The increasing demand for missions involving unmanned aerial vehicles (UAVs) raises the need for reliable and accurate time synchronization in ad hoc networks. Time synchronization plays a crucial role in coordinating the actions of multiple UAVs, particularly when it comes to positioning, coordination, and data fusion. However, achieving high-precision time synchronization is challenging due to the difficult-to-estimate communication transmission delay, measurement noise, relative motion, and clock source characteristics in wireless ad hoc networks formed by UAVs. To address this issue, this paper proposes a fully distributed high-precision network time synchronization algorithm that is suitable for multi-hop dynamic ad hoc networks. The proposed algorithm is based on bidirectional pseudo-range measurements, graph theory, and random matrix correlation theory. It is composed of relative clock skew estimation, logic clock skew compensation and logic clock offset compensation.
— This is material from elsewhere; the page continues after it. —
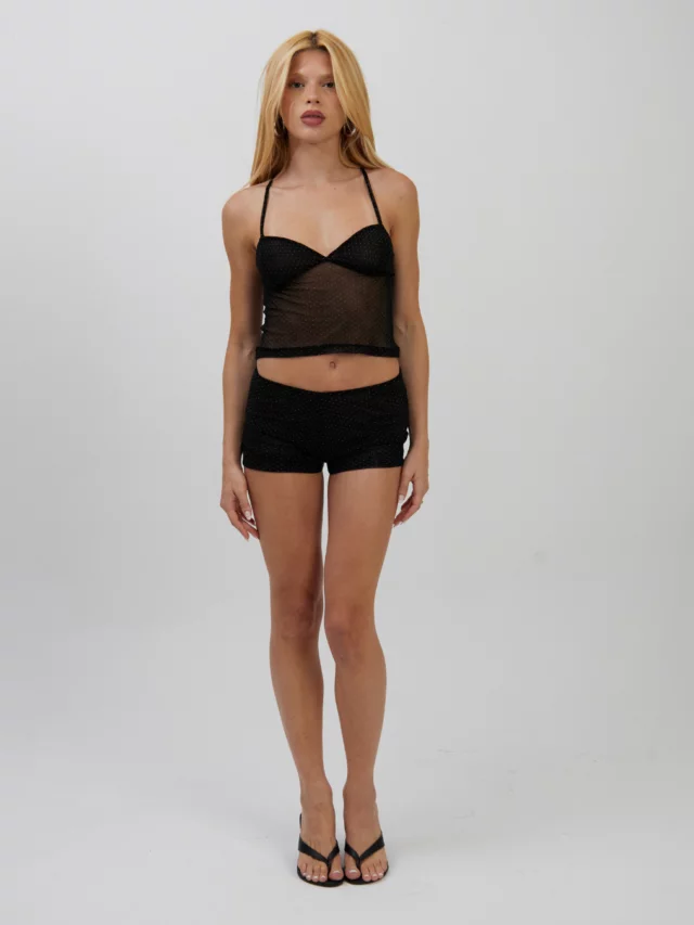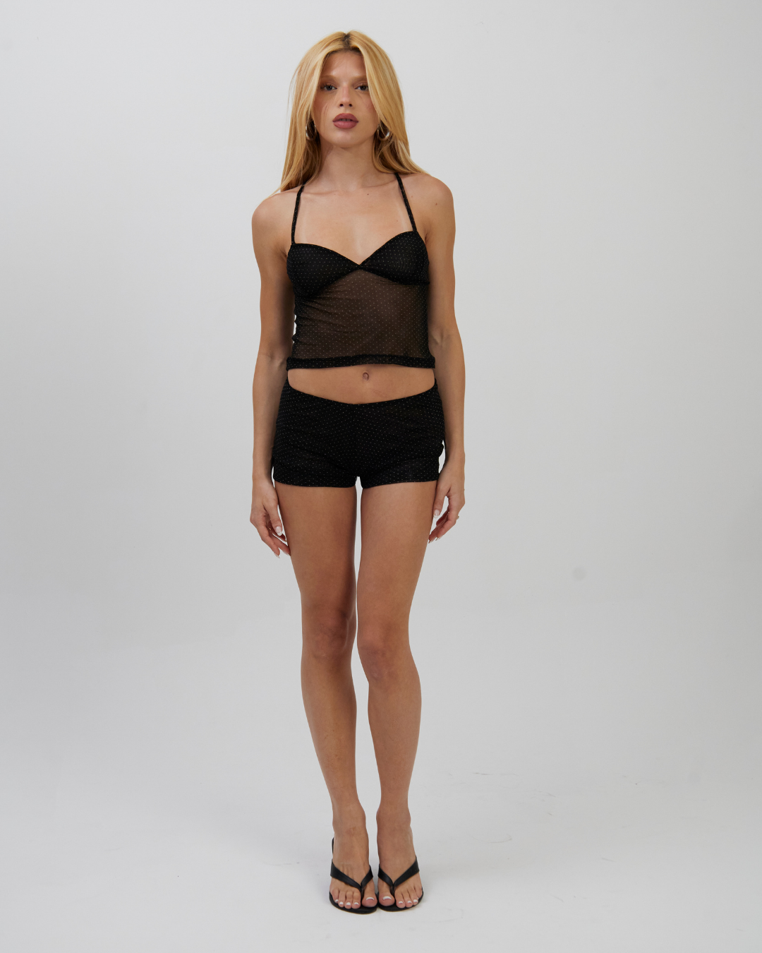 DESCRIÇÃO: Top confeccionado em tule estampado, unindo delicadeza e um toque retrô. Possui decote em V, alças retas e amarração nas costas para um ajuste perfeito. O recorte no busto e o forro duplo garantem conforto e leveza, tornando essa a peça ideal para composições frescas e sofisticadas.
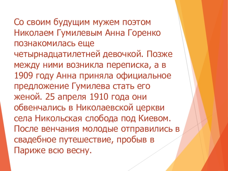 четырнадцатилетней девочкой. Позже между ними возникла переписка, а в 1909 году Анна приняла официальное предложение Гумилева стать его женой. 25 апреля 1910 года они обвенчались в Николаевской церкви села Никольская слобода под Киевом. После венчания молодые отправились в свадебное путешествие, пробыв в Париже всю весну.

The algorithm is rigorously derived, requiring no central node, and it is capable of obtaining relative clock skew even when nodes broadcast clock information asynchronously. In addition, the proposed algorithm enables real-time elimination of transmission delays and has noise-resistant capabilities. Simulation results validate the effectiveness of the algorithm, demonstrating that the time synchronization accuracy in UAV ad hoc networks can reach the sub-nanosecond level.